Universal Translator

Friday, December 30, 2011

Playing With the Pundits – Why We Keep Making Mistakes

Today Paul Krugman returns to his oft-repeated mantra that recent badly chosen economic policies have vindicated Keynesian economics both in the US and in Europe.  Specifically, Keynes argued that government spending should be cut during economic booms, not during economic slumps – that it should be countercyclical to the economy.  Krugman asserts that the disastrous results of Europe’s new commitment to “economic austerity” (and, to a lesser extent, our failure to enact a sufficiently large economic stimulus package back in 2009), validate this basic Keynesian principle.

I read Krugman’s column as yet another reminder that human evolution did not gift us with a brain designed to be very good at either (i) dealing with very complicated situations, or (ii) events that take place on something other than the human scale.  To be sure, our brains can learn to handle complicated situations and events on macro and micro scales, but learning how to do something is not the same as instinctively knowing how to do something.
 

For example, after sufficient time, almost all human babies will instinctively learn to walk upright; almost none of them will instinctively start creating and then solving quadratic equations.  Most of us can instinctively understand the Newtonian physics behind two billiard balls colliding on a pool table – we can, after all, play pool without having to solve vector equations in our head.  But trying to understand how light can be both a wave and a particle, how time itself slows down the faster one moves through space . . . these truths are very much not the things that come naturally to humans – we have a hard time even visualizing such things.

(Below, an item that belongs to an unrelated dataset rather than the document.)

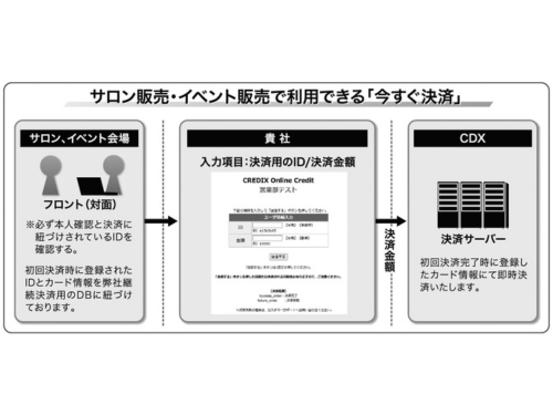 ネットワークビジネス(NB)主宰企業にクレジットカード決済サービスを提供するCREDIX(クレディックス、本社東京都、小林拓矢社長)は、NBの会員や企業が運営するサロンやコンベンション、ラリーの会場で商品を小売りする際に、会員ID番号を入力するだけで決済ができる「今すぐ決済」の提案に力を注いでいる。

And this can be a problem, because it means that very often our big brains can actually figure out the solution to a complicated problem but that this solution will be met with distrust because it doesn’t feel right to most people.  For example, when money is tight because the economy is in the toilet a lot – probably even most – of us will instinctively argue that the appropriate thing for the government to do is spend less money . . . even though that is actually the worst thing the government could do. 

And so we find ourselves trapped.  Economically, we know that in the midst of a recession the correct policy is for the government to spend more money.  But politically we find ourselves incapable of persuading all those people for whom it “just doesn’t make sense” that increasing government spending is the right thing to do.  (It doesn’t help, of course, that in the US we have a political party committed to simply opposing whatever President Obama suggests; so when Obama proposes doing the right thing – like enacting an economic stimulus – the GOP can simply talk about how Obama is wasting more of the taxpayers’ money and that will actually make sense to a lot of people).

Let me share one of my favorite (and very timely) examples of how truly difficult it is for us humans to think on a scale outside of our own. 

I’ve become something a fan of that last video I found and posted on Christmas Eve, the one that presents winter images set to the music of The Carol of the Bells.  I think it’s quite pretty, but I also enjoy its sort of no-nonsense, extremely factual statement that “the axial tilt is the reason for the season.”  This is very strictly speaking true; as the earth orbits the sun, its axial tilt means that during about half of its orbit the northern hemisphere is pointed toward the sun, and during the other half of its orbit the southern hemisphere is pointed toward the sun.  This is the main reason the seasons change from summer to winter and back again.

Here’s what I find fascinating.  I must’ve run into dozens of people in the course of my life who have asserted quite confidently that the reason it gets cold during winter is because “the earth is farther away from the sun.”  This, of course, is wrong.  If it were correct, then the entire earth would get colder at the same time.  But we know that isn’t the case; when it is winter in the northern hemisphere it is summer in the southern hemisphere, and vice versa.  But what is truly remarkable is that in every instance I’ve had such an encounter the person speaking to me knows that fact too.

Consider how weird this phenomenon really is.  For a long, long time almost all people believed that the sun went around the earth.  That is, after all, what it looks like is going on.  We have to be taught that the earth goes around the sun.  Also, until they ventured very far from their own locales, people had no idea that the seasons were reversed once you crossed the equator.  We have to be taught that too.

So now a lot of people have two facts in their heads that – having passed elementary school – they accept completely:  the earth orbits the sun, and the seasons are reversed on the different sides of the equator.  And yet, when asked why it gets colder in the winter, what do a lot of people do?  They fabricate an answer based on what feels right (the earth must be farther away from the sun) that directly contradicts what they know to be true (the earth isn’t getting colder everywhere.)

When I’ve had the time and the inclination, I’ve explained to many of these people the idea behind the axial tilt (yeah . . . I’m one of those annoying people, I guess).  And it isn’t really a difficult concept to grasp – everybody I’ve spoken to gets it easily.  And I’m certainly not calling anybody to whom this had to be pointed out stupid.  I’m just saying that this is another great example of how effortlessly we humans can come to believe things that are not true – things that even a moment’s reflection would make it clear to us cannot be true – simply because those things “make sense” to us on a visceral level.

And that’s fine when you’re playing a game of pool, or driving a car.  It’s much less helpful when you’re trying to get a handle on the global or national economy, or you’re contemplating something like climate change.